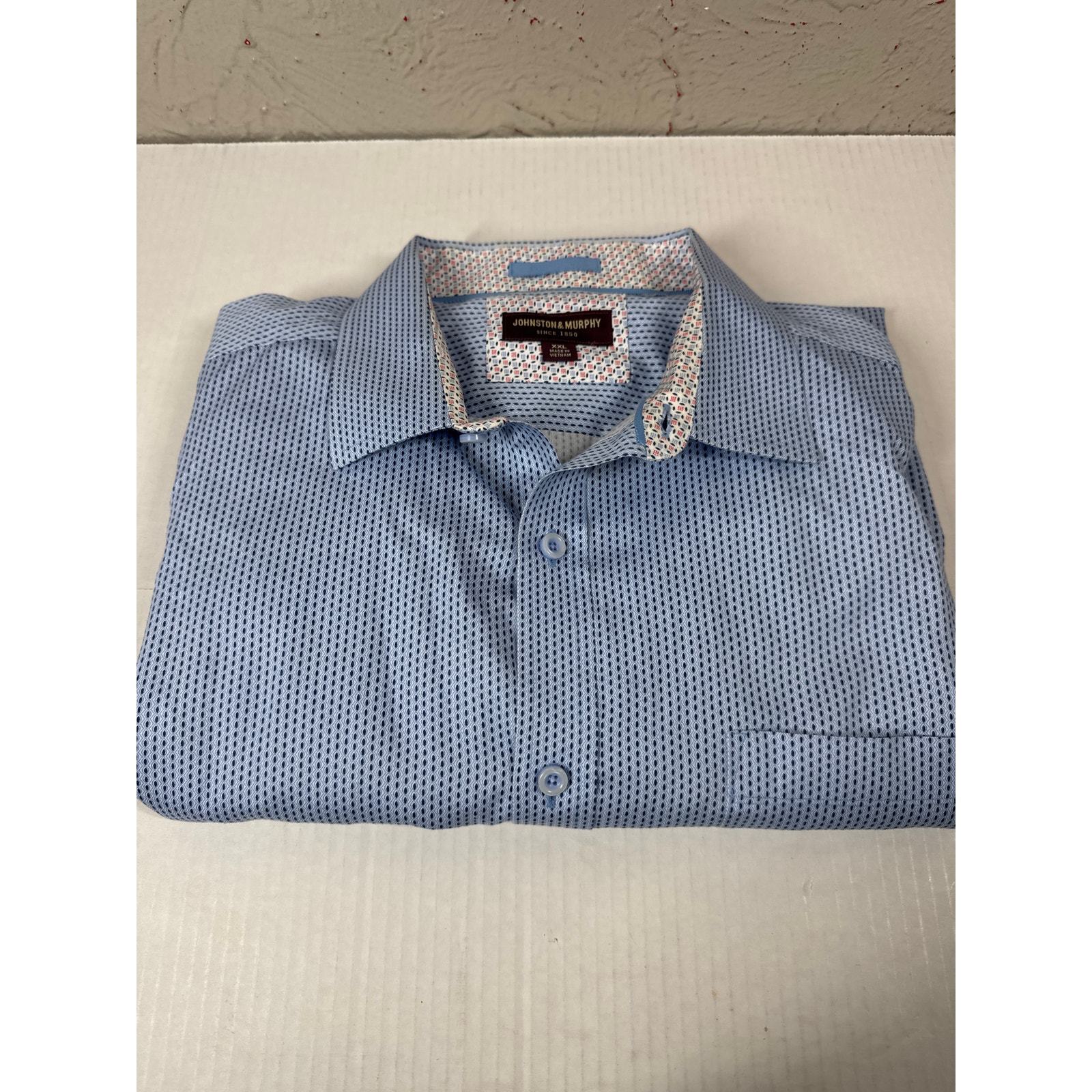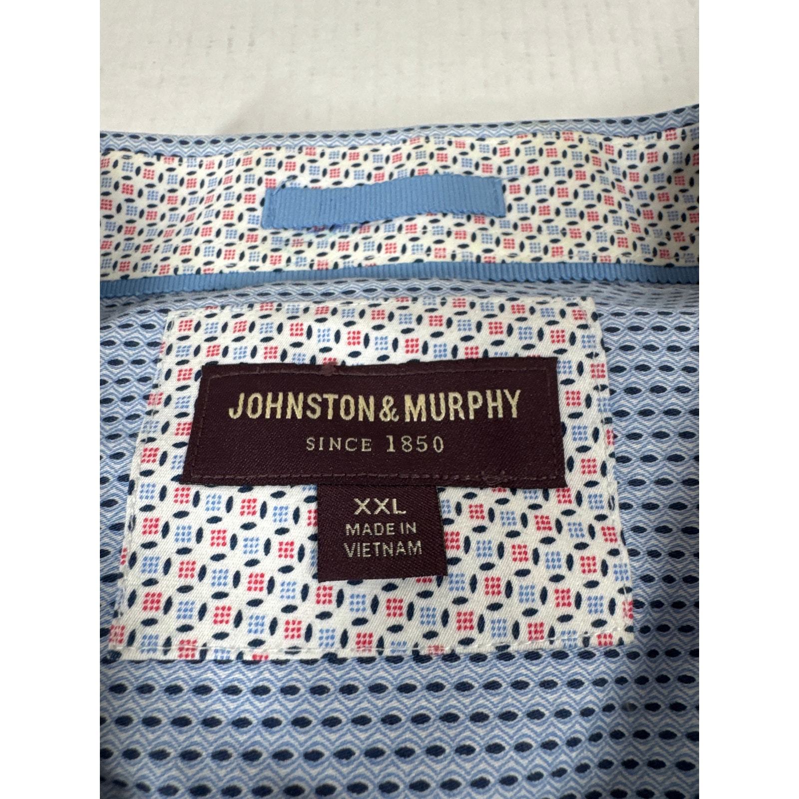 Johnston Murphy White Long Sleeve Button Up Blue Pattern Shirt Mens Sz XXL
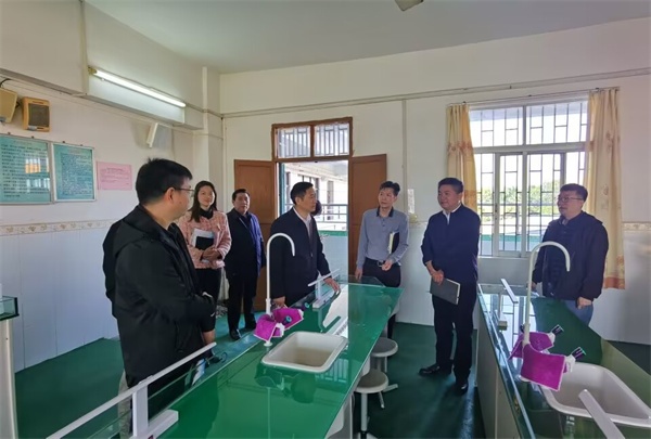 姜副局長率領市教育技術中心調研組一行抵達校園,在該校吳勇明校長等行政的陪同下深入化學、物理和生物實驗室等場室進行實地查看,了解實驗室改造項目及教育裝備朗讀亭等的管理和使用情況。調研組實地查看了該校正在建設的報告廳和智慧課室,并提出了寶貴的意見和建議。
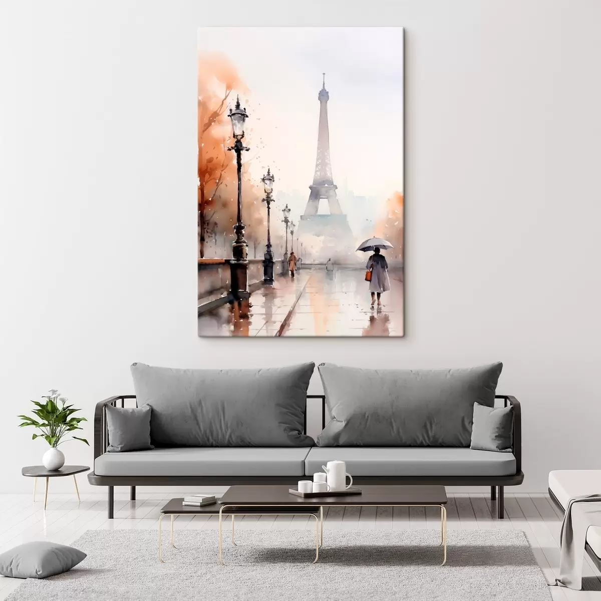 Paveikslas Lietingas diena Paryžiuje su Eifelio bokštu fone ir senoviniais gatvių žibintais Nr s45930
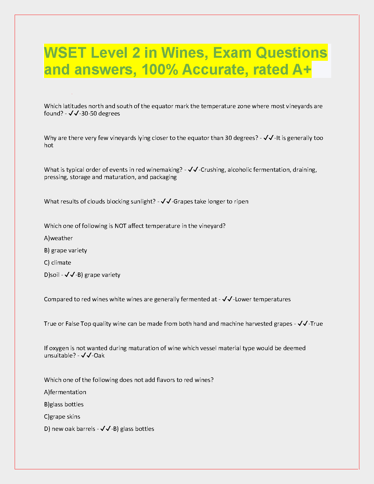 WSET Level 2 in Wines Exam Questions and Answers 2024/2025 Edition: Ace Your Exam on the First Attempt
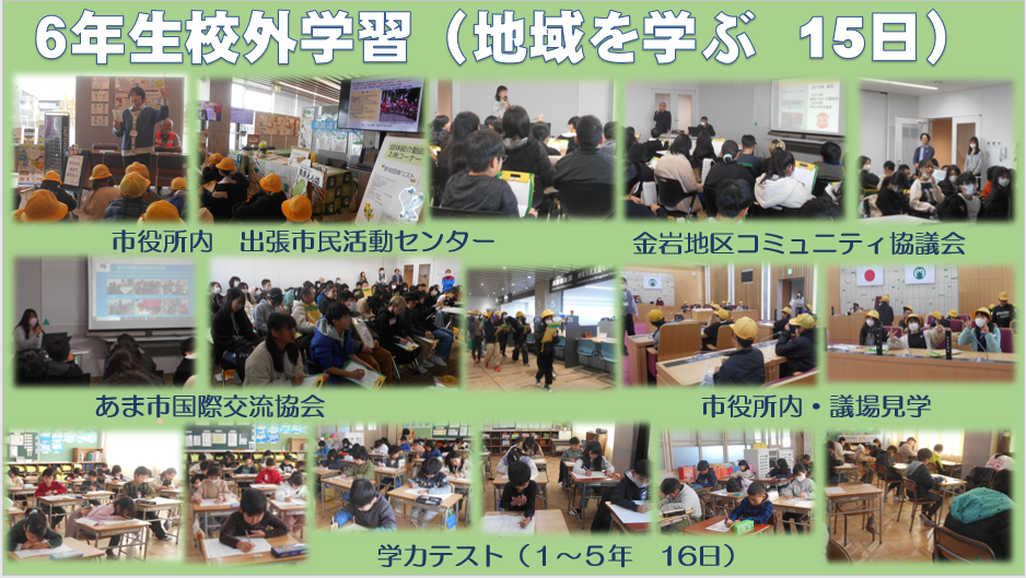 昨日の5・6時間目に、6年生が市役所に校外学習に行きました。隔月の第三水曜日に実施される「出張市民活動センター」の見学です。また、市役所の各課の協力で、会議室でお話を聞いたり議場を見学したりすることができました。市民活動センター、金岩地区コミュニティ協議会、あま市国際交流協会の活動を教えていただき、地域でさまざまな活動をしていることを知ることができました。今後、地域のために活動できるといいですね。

...

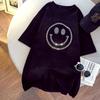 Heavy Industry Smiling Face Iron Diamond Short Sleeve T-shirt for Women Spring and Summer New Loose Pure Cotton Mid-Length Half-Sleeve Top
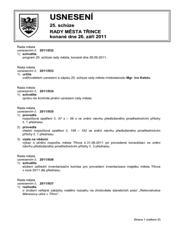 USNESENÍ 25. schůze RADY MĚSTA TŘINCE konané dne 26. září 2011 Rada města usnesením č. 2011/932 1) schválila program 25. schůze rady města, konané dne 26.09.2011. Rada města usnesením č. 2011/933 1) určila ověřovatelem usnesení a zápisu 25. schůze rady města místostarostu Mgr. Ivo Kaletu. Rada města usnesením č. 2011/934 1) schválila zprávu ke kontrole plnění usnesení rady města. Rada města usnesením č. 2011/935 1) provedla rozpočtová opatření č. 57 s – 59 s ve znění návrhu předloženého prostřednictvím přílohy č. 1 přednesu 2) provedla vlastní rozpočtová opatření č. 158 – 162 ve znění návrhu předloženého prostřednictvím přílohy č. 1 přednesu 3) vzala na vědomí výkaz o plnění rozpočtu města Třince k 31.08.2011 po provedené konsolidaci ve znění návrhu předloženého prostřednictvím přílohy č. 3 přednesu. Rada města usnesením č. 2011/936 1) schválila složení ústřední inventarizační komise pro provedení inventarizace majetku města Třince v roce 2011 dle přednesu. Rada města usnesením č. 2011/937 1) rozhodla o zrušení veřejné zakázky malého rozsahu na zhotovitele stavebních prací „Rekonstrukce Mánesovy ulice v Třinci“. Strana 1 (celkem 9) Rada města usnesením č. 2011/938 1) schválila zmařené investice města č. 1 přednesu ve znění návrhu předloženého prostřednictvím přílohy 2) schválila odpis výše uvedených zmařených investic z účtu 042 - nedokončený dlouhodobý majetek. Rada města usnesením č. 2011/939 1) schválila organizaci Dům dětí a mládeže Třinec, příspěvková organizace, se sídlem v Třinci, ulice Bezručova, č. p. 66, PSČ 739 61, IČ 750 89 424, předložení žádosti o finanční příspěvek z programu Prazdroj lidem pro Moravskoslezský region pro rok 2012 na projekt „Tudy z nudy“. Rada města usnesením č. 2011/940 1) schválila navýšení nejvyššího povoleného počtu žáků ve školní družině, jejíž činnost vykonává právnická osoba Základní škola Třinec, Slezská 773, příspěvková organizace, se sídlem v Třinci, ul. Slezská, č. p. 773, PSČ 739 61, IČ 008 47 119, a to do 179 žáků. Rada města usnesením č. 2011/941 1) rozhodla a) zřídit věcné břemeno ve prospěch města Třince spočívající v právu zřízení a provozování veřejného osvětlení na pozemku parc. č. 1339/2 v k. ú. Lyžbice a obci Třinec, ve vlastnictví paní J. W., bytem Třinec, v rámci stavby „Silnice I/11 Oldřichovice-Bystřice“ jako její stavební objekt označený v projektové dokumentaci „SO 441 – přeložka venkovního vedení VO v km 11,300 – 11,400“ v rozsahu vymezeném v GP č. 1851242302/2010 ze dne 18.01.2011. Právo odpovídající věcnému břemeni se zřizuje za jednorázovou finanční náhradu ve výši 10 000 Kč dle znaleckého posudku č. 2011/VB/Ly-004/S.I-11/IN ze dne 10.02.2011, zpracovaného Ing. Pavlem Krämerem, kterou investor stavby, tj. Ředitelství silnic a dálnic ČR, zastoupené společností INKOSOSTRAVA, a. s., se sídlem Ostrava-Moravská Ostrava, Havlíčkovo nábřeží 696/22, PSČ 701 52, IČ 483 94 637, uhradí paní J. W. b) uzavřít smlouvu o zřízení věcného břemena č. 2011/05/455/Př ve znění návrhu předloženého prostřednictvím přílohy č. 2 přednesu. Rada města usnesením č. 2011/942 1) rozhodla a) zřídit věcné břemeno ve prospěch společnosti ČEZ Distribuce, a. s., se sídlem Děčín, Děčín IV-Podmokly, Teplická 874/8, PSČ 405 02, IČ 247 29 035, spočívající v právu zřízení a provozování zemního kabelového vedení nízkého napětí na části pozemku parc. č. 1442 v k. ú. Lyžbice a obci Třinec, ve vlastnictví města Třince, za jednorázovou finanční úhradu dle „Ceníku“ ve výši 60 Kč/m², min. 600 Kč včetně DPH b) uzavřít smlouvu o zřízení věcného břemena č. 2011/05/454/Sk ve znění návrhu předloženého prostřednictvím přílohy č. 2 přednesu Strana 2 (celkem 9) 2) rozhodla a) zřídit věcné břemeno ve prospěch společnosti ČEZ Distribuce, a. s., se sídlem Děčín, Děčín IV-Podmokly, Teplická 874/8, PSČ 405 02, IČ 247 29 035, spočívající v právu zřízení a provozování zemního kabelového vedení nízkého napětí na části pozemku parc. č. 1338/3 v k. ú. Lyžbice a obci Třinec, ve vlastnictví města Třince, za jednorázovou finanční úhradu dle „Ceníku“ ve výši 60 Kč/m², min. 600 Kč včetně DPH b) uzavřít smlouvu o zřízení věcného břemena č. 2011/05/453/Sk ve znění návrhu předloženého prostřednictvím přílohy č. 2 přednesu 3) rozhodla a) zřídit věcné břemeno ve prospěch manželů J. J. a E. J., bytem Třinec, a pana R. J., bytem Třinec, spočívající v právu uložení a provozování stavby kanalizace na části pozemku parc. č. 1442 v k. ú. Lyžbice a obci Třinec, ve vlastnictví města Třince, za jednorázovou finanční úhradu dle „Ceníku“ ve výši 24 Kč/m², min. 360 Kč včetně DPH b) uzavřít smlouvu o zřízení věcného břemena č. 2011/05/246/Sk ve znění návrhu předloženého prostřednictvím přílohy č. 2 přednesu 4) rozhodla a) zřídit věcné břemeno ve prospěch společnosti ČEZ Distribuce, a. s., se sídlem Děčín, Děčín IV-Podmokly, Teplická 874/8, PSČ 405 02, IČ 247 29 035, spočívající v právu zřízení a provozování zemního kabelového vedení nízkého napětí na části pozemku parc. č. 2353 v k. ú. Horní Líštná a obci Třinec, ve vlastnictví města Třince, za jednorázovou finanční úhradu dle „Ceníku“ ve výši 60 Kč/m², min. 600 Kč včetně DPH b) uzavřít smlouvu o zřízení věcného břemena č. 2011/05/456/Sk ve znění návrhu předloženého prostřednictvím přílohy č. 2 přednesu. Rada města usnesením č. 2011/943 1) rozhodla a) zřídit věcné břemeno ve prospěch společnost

==

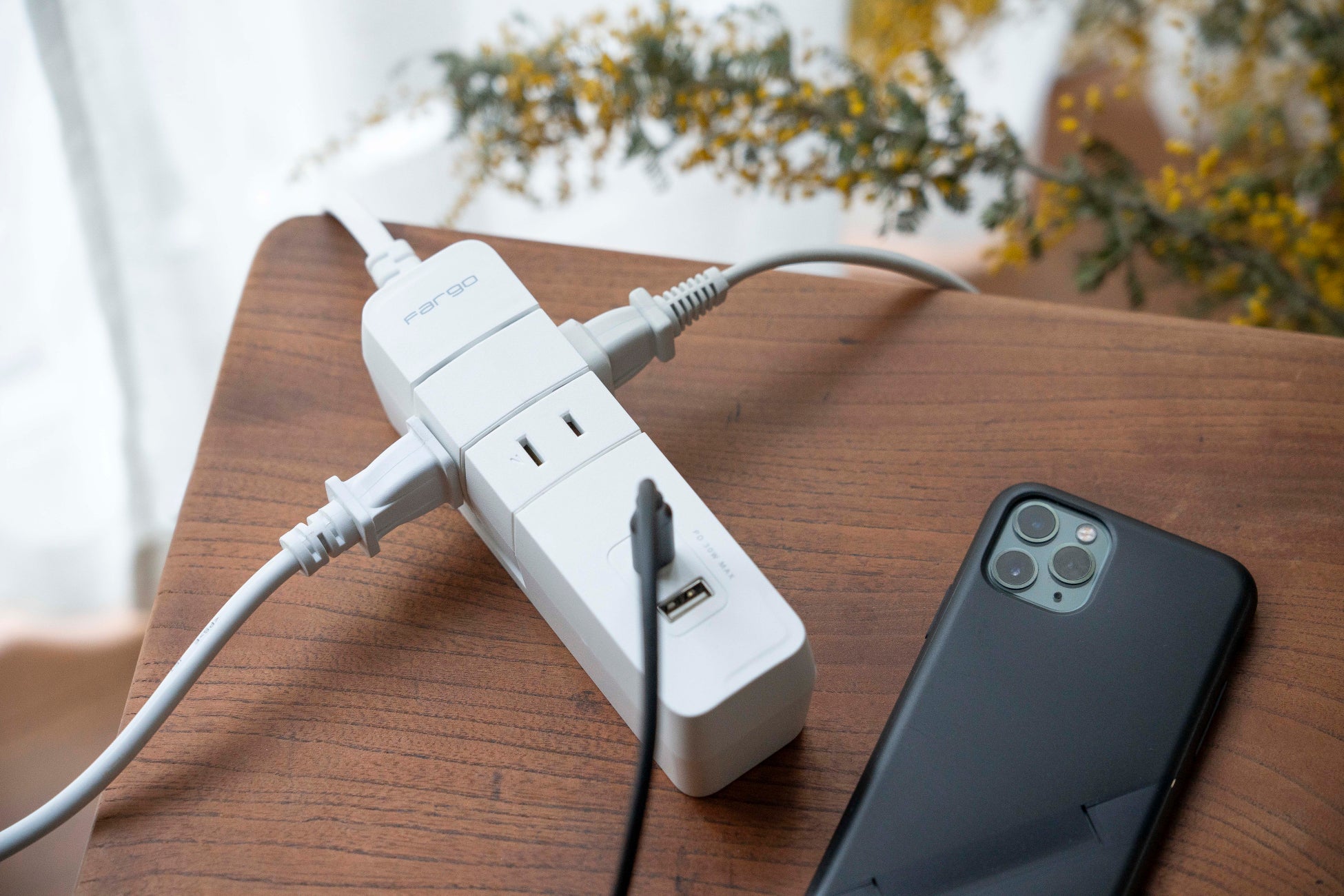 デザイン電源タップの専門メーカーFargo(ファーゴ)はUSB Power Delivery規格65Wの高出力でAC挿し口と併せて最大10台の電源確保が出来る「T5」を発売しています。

● Task details
Which part of the entries opens with the line containing "WSET Level 2" and closes with the line containing "昨日の5・6時間目に、6年生"? Output that part exactly, ends included, pictures excluded.

● The completed task
 WSET Level 2 in Wines Exam Questions and Answers 2024/2025 Edition: Ace Your Exam on the First Attempt
 昨日の5・6時間目に、6年生が市役所に校外学習に行きました。隔月の第三水曜日に実施される「出張市民活動センター」の見学です。また、市役所の各課の協力で、会議室でお話を聞いたり議場を見学したりすることができました。市民活動センター、金岩地区コミュニティ協議会、あま市国際交流協会の活動を教えていただき、地域でさまざまな活動をしていることを知ることができました。今後、地域のために活動できるといいですね。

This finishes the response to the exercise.